The first article in this series, published in the first February issue of The Green Sheet (February 10, 2003, issue 03:02:01), has generated much comment. Part II of this article will dig deeper into some of the macro-economic issues of the bankcard acquiring industry. This time we will try to relate some of this data to those salespeople affectionately known in our industry as the "feet on the street."

One of the major unknowns in our industry is just how many people solicit and provide services to the 4 million merchants in America. Charles Fote, Chairman and CEO of First Data, said on his investor conference call on February 18, 2003 that 4,800 salespeople represent First Data's merchant business, selling all of its products. First Data and its alliance partners acquired 44.6% of the nation's bankcard volume in 2002, according to the January 2003 GSQ figures (slightly adjusted by me). If First Data's "feet on the street" coverage is typical, then 10,762 sales representatives would be selling merchant services in the U.S.

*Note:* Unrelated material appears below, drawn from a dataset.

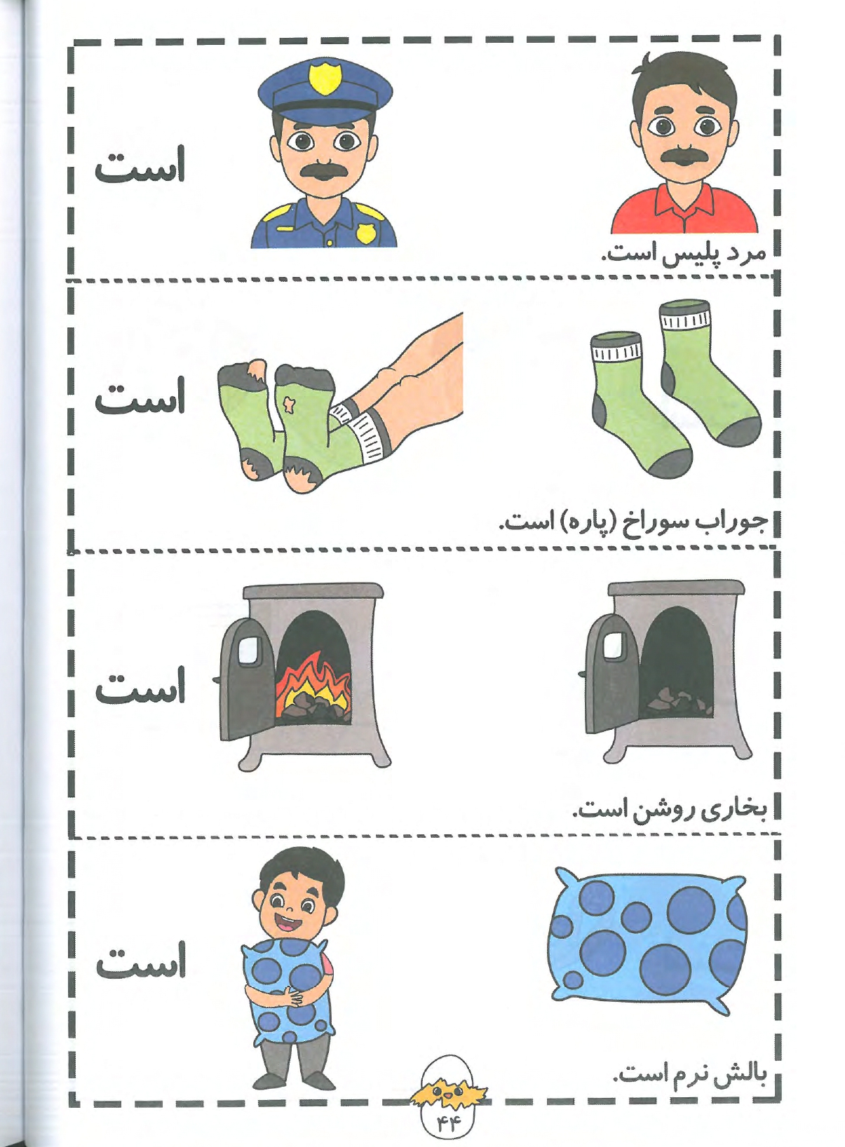 افعال ربطی (مثل "است") معمولاً برای کودکان انتزاعی و سخت هستند. این کتاب با نشان دادن ویژگیهای ملموس (مثل "جوراب سوراخ است" یا "بخاری روشن است") این مفهوم را برای کودک قابل دیدن و درک کردن میکند.

According to one industry gadfly, Brett Mansdorf, there are between 24,000 and 28,000 reps on the street ("New Association's Aspiration: Pave the Way to Street Savvy," The Green Sheet, February 10, 2003, 03:02:01). Let's assume for the sake of discussion that these two estimates represent the extremes of the range of the number of "feet on the street" in our business.

In Part II, I want to take a different perspective on the macro-economic landscape using some of the information presented in previous articles in this series. You might need to refer to those articles to understand some of what follows.

Let's start with a discussion of some metrics of the four non-bank public companies in our industry. These companies in aggregate processed about 68.7% of the acquiring volume in 2002, according to adjusted GSQ figures.

These companies are First Data (44.6%), NPC (12.4%), Concord EFS (7.0%) and Global Payment Systems (4.7%). If we remove the earnings from Western Union, TeleCheck, equipment and other non-recurring product sales, the STAR and NYCE networks, ATM driving, Canada and other non-U.S. venues and other non-acquiring revenues, the four companies claim annual recurring acquiring revenues of about $2.6 billion and operating income of about $1.3 billion in the aggregate.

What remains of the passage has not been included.